An Indian-American boy won a national spelling contest after correctly spelling a Yiddish-derived word.
Arvind Mahankali, 13, of Bayside Hills, N.Y., won the 2013 Scripps National Spelling Bee on Thursday by spelling the word knaidel, a traditional Jewish dumpling. Mahankali beat out ten other finalists in the competition, held in Oxon Hill, Md.
He won $30,000 in cash, a $2,500 U.S. savings bond from Merriam-Webster and $2,000 worth of reference works from Encyclopedia Britannica, as well as a shiny engraved trophy and the title of champion.

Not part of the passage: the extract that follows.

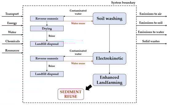 System boundaries included all the materials and processes involved in the treatment steps, from sediment transport to the treatment site, to reuse and/or dispose of landfill (Figure 1). The final allocation of the sediments depended on the assumptions made in the scenarios and treatments supposed for the contaminant removal. In particular, this study considered three treatment technologies for soil remediation: soil washing (SW), electrokinetic treatment (EK) and enhanced landfarming (EL). These technologies may be combined among them, as they remove different categories of contaminants, and their use may depend on the sediment particle size. Figure 2 shows the action plan followed for this project, explaining the decision-making process adopted and the characteristics of the treatment technologies considered. As mentioned, it should be noted that contaminant removal was not always allowed due to the limited effectiveness of the treatment technologies considered, and this led to the recovery or landfill disposal of sediment fractions, based on the technologies available. Obviously, even the untreated fractions may be recovered through different technologies not included in this project, such as phytoremediation [,].
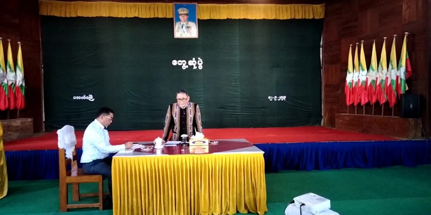 A member of State Administration Council Dr. Hmu Htan together with Chin State Chief Minister Dr. Wong Hsum Htan, State Minister for security and border affairs, directors General, State level departmental officials met with the district and Township level departmental personnel, ward Administrators, townselders, business entrepreneurs at the Kimo Hall of the Paletwa Township General Administration Department at 11 AM on 12th September.

German words have led Mahankali to his spelling bee demise for the past two years, when he twice placed third at the bee.
Vocabulary.com, which covered the bee, described knaidel as coming from German-derived Yiddish. It quoted Mahankali as telling ESPN, the German curse has turned into the German blessing.
The finals featured another word of Jewish origin. Hannah Citsay, a student at St. Anne Catholic School in Lancaster, Pa., correctly spelled hesped, the Hebrew word for eulogy, in the sixth round.
Despite correctly spelling hesped, Citsay was eliminated in a new portion of the contest, where contestants had to provide the definition of a word.